On Mon, 10 Dec 2001, Alan Cox wrote:
> > Alan, you're mixing switch mm costs with cache image reload ones.
> > Note that equal mm does not mean matching cache image, at all.
> They are often close to the same thing. Take a look at the constraints
> on virtually cached processors like the ARM where they _are_ the same thing.
> Equal mm for cpu sucking tasks often means equal cache image. On the other
> hand unmatched mm pretty much definitively says "doesnt matter". The cost
> of getting the equal mm/shared cache case wrong is too horrific to handwave
> it out of existance using academic papers.
This is very difficult to prove and heavily depend on the application
Anyway i was just thinking that, if we scan the cpu bound queue like
usual, by correctly sorting out mm related tasks, we're going to blend
this time ( about 2.9us with rqlen=32 on a dual PIII 733, std scheduler )
inside the cpu bound average run time ( 30-60ms ).
This means ~ 0.005%
> > By having only two queues maintain the implementation simple and solves
> > 99% of common/extraordinary cases.
> > The cost of a tlb flush become "meaningful" for I/O bound tasks where
> > their short average run time is not sufficent to compensate the tlb flush
> > cost, and this is handled correctly/like-usual inside the I/O bound queue.
> You don't seem to solve either problem directly.
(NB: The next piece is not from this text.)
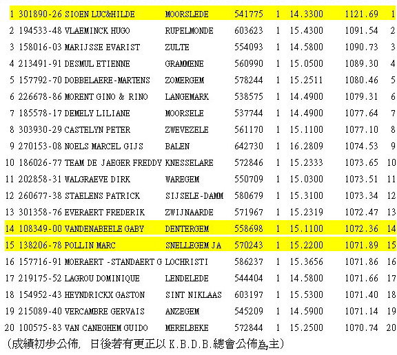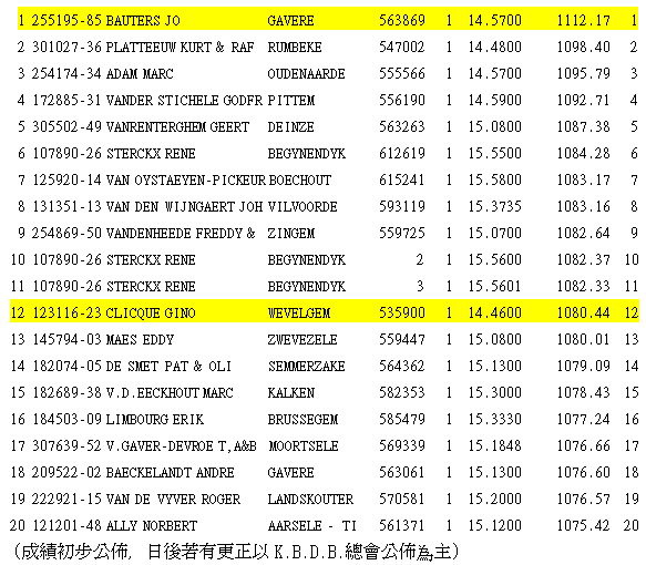 1. "夏洛尼"10/113:南特伊17.176羽冠軍、34.200羽最快鴿、波治13.490羽亞軍。
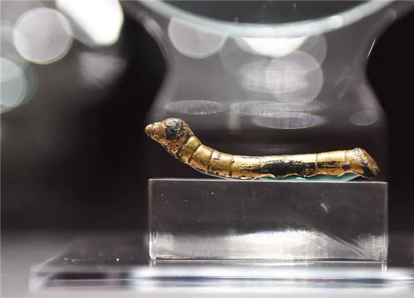 在火爆的陕西历史博物馆里,陈列着一个外形特别小,级别特别高的汉代文物——鎏金铜蚕。它是1984年,安康石泉县当地的农民偶然一次在河里淘金时发现的,经专家鉴定为汉代“鎏金铜蚕”,是西汉时皇帝对蚕桑生产的最高奖励。

> Without per cpu queues you spend all your time bouncing stuff between
> processors which hurts. Without multiple queues for interactive tasks you
> walk the interactive task list so you don't scale. Without some sensible
> handling of mm/cpu binding you spend all day wasting ram bandwidth with
> cache writeback.
It has two queues ( cpubound + iobound-rttasks ) per CPU, as i wrote in my
By having split in a multi-queue model plus having a separate queue for
iobound tasks, i think it'll scale pretty well indeed.
Two queues against N means even a lower scheduler memory footprint.
The whole point is to understand where greater optimizations will not pay
for the greater complexity ( plus D/I cache footprint ).
> The single cpu sucker queue is easy, the cost of merging mm equivalent tasks
> in that queue is almost nil. Priority ordering interactive stuff using
> several queues is easy and very cheap if you need it (I think you do hence
> I have 7 priority bands and you have 1). In all these cases the hard bits
> end up being
> On a wake up which cpu do you give a task ?
The multi queue scheduler is not like the old one where the bunch of
running tasks virtually own to all cpu.
In a multi queue scheduler tasks are _local_by_default_.
> When does an idle cpu steal a task, who from and which task ?
> How do I define "imbalance" for cpu load balancing ?
As i wrote in previous messages the idle(s) is woken up at every timer
tick and check the balance status.
After N ( tunable ) consecutive ticks that the idle has found an
unbalanced status, it'll try to steal a tasks.
>From where, you could ask ?
This is a good question and the best answer to good questions is:
I don't know :)
Just kidding ( only in part ).
There're several concepts:
1) cpu load expressed in run queue length
2) cpu load expressed as the sum ( in jiffies ) of the average run time of
the currently running task set
3) distance/metric of the move ( think about NUMA )
4) last mm used by the idle
5) last time in jiffies the task is ran
The trick is to find a function :
F = F( RQL, JLD, DIS, LMM, JLT )
so we can sort out and select the best task to run on the idle cpu.
And more, the cpu selection must be done without locking remote runqueue.
So it should be a two-phase task:
1) cpu selection ( no locks held )
2) task selection inside the selected cpu ( remote queue lock held )
The first phase will use 1, 2 and 3 from the above variable set, while the
second will use 4 and 5 for tasks selection inside the queue.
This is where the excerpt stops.